• _WORK INSTRUCTION_
Please set down every entry again exactly as it stands, without the pictures.

##### RECORDS FOR THIS EXERCISE #####

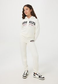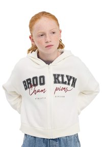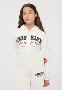 PESANTE CON CAPPUCCIO E STAMPA COLLEGE - Felpa con zip - bianco lana
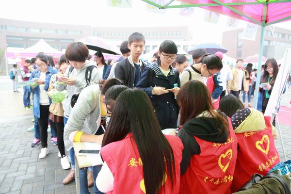 10月15日至16日,在飒飒秋雨中,位于安徽理工大学新校区核心广场上人头攒动,在校团委和大学生社团联合会的统一安排下,来自全校的66个校级学生社团汇集于此,顺利开展了一年一度的社团招新活动。全校2016级新生中共有8783人次报名加入了自己心仪的社团,其中大学生青年志愿者协会、大学生爱心社、大学生疯狂口语协会新会员人数都超过了600人,为校园社团文化的传承与发展注入了新鲜血液。
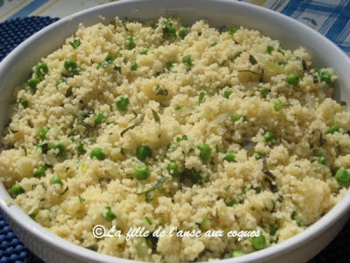 Couscous à la menthe et aux petits pois Platfacile20 min Envoyer cette recette à un ami Imprimer cette page Poser une question à l'auteur Publier votre photo de cette recette Ingrédients 4 1 oignon, haché finement 1 gousse d'ail, hachée finement 3 cuillères à soupe (45 ml) d?huile d'olive 1 tasse (250 ml) de petits pois surgelés, décongelés 1 ½ tasses (375 ml) de bouillon de poulet, bouillant 1 ½ tasses (375 ml) de couscous 3 cuillères à soupe (45 ml) de menthe fraîche, ciselée Sel et poivre au goût
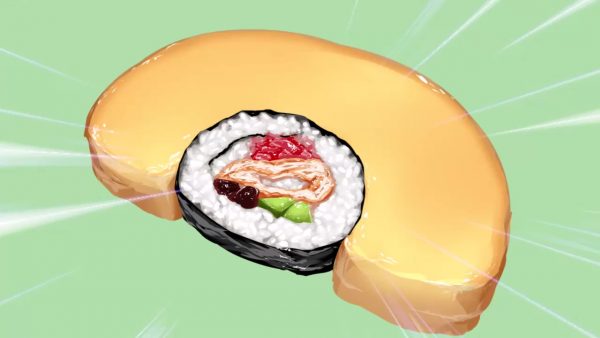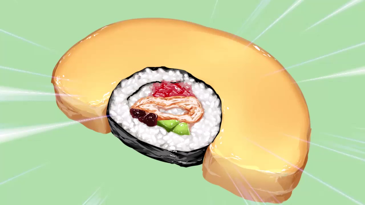 制作は、大まかな形を描くところから始まります。中央に巻き寿司、それを囲うように黄色い何かが描かれています。これが何なのかは、あとでじっくり語られます。
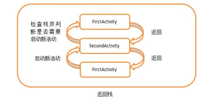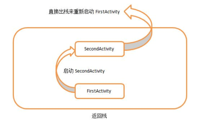 當活動的啟動模式指定為singleTask,每次啟動該活動時系統首先會在返回棧中檢查是否存在該活動的實例,如果發現已經存在則直接使用該實例,並把在這個活動之上的所有活動統統出棧,如果沒有發現就會創建一個新的活動實例。
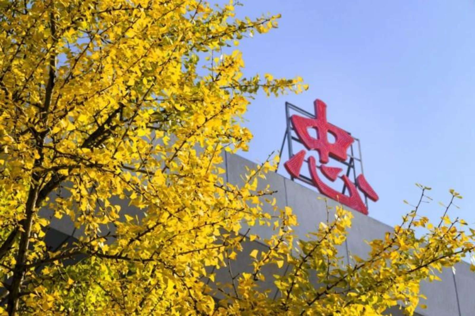 一号院图书馆大楼顶部,“忠”字巍然矗立、光芒四射。一侧银杏树枝叶繁茂,金黄的叶片层层叠叠,在阳光照耀下熠熠生辉。红与黄在澄澈无垠的蓝天映衬下,色彩对比鲜明,格外夺目动人。不仅展现了校园秋日之美,更将精神象征与自然之美融为一体。
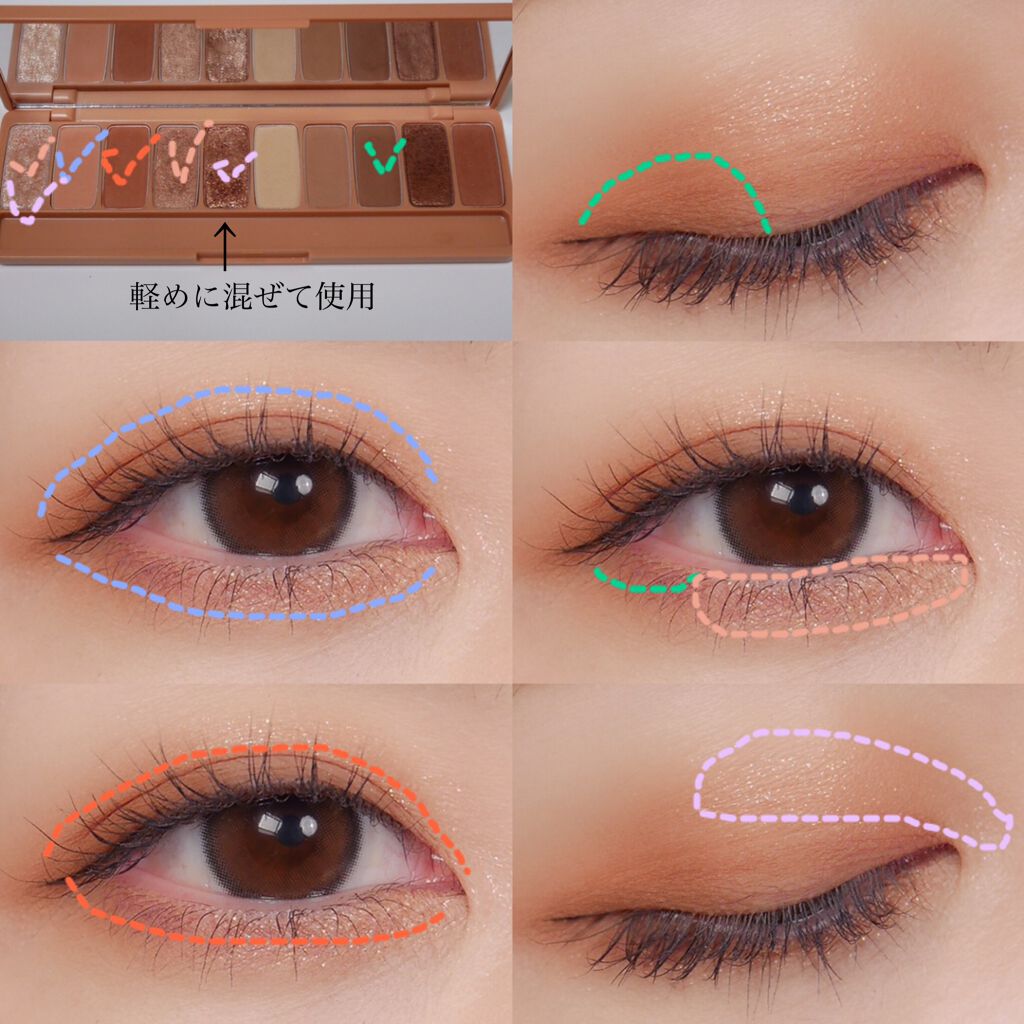 - 肌なじみの良い、鮮やかな発色で目元を華やかに彩る捨て色なしの10色アイシャドウパレット 異なる3種のテクスチャーを自由に組み合わせて、グラデーションも思いのままに。 NEW 2023.4 ・肌トーンにあう配色を詰め込んだトレンドカラー 肌トーンに合わせて、自分に似合うトレンドカラーが楽しめる♡ パーソナルカラー×トレンドカラーの掛け合わせパレットで、デイリーメイクもスペシャルメイクも気分にあわせてなりたい自分に! ・むにゅっとジェル質感ラメで高密着、煌めく目元 パレットの中でもポイントとなる大きめ粒子のラメは、ジェルのような新質感で落ちにくく肌にぴったりと密着します。キラキラとした目元をキープします。 ・使うカラーは大きめに!リアル捨て色なしパレット ベースやラメのよく使うカラーと締め色や濃い色等の減りが少ないカラーを異なるサイズで詰め込んだ、リアル捨て色なしパレット! <使用方法> 付属のデュアルシャドウブラシでベースカラーをまぶた全体に塗り広げます。細いブラシでグラデーションや目尻、アイライン、涙袋などのポイントカラーをのせて仕上げます。

#####

• _ANSWER SPACE_
 PESANTE CON CAPPUCCIO E STAMPA COLLEGE - Felpa con zip - bianco lana
 10月15日至16日,在飒飒秋雨中,位于安徽理工大学新校区核心广场上人头攒动,在校团委和大学生社团联合会的统一安排下,来自全校的66个校级学生社团汇集于此,顺利开展了一年一度的社团招新活动。全校2016级新生中共有8783人次报名加入了自己心仪的社团,其中大学生青年志愿者协会、大学生爱心社、大学生疯狂口语协会新会员人数都超过了600人,为校园社团文化的传承与发展注入了新鲜血液。
 Couscous à la menthe et aux petits pois Platfacile20 min Envoyer cette recette à un ami Imprimer cette page Poser une question à l'auteur Publier votre photo de cette recette Ingrédients 4 1 oignon, haché finement 1 gousse d'ail, hachée finement 3 cuillères à soupe (45 ml) d?huile d'olive 1 tasse (250 ml) de petits pois surgelés, décongelés 1 ½ tasses (375 ml) de bouillon de poulet, bouillant 1 ½ tasses (375 ml) de couscous 3 cuillères à soupe (45 ml) de menthe fraîche, ciselée Sel et poivre au goût
 制作は、大まかな形を描くところから始まります。中央に巻き寿司、それを囲うように黄色い何かが描かれています。これが何なのかは、あとでじっくり語られます。
 當活動的啟動模式指定為singleTask,每次啟動該活動時系統首先會在返回棧中檢查是否存在該活動的實例,如果發現已經存在則直接使用該實例,並把在這個活動之上的所有活動統統出棧,如果沒有發現就會創建一個新的活動實例。
 一号院图书馆大楼顶部,“忠”字巍然矗立、光芒四射。一侧银杏树枝叶繁茂,金黄的叶片层层叠叠,在阳光照耀下熠熠生辉。红与黄在澄澈无垠的蓝天映衬下,色彩对比鲜明,格外夺目动人。不仅展现了校园秋日之美,更将精神象征与自然之美融为一体。
 - 肌なじみの良い、鮮やかな発色で目元を華やかに彩る捨て色なしの10色アイシャドウパレット 異なる3種のテクスチャーを自由に組み合わせて、グラデーションも思いのままに。 NEW 2023.4 ・肌トーンにあう配色を詰め込んだトレンドカラー 肌トーンに合わせて、自分に似合うトレンドカラーが楽しめる♡ パーソナルカラー×トレンドカラーの掛け合わせパレットで、デイリーメイクもスペシャルメイクも気分にあわせてなりたい自分に! ・むにゅっとジェル質感ラメで高密着、煌めく目元 パレットの中でもポイントとなる大きめ粒子のラメは、ジェルのような新質感で落ちにくく肌にぴったりと密着します。キラキラとした目元をキープします。 ・使うカラーは大きめに!リアル捨て色なしパレット ベースやラメのよく使うカラーと締め色や濃い色等の減りが少ないカラーを異なるサイズで詰め込んだ、リアル捨て色なしパレット! <使用方法> 付属のデュアルシャドウブラシでベースカラーをまぶた全体に塗り広げます。細いブラシでグラデーションや目尻、アイライン、涙袋などのポイントカラーをのせて仕上げます。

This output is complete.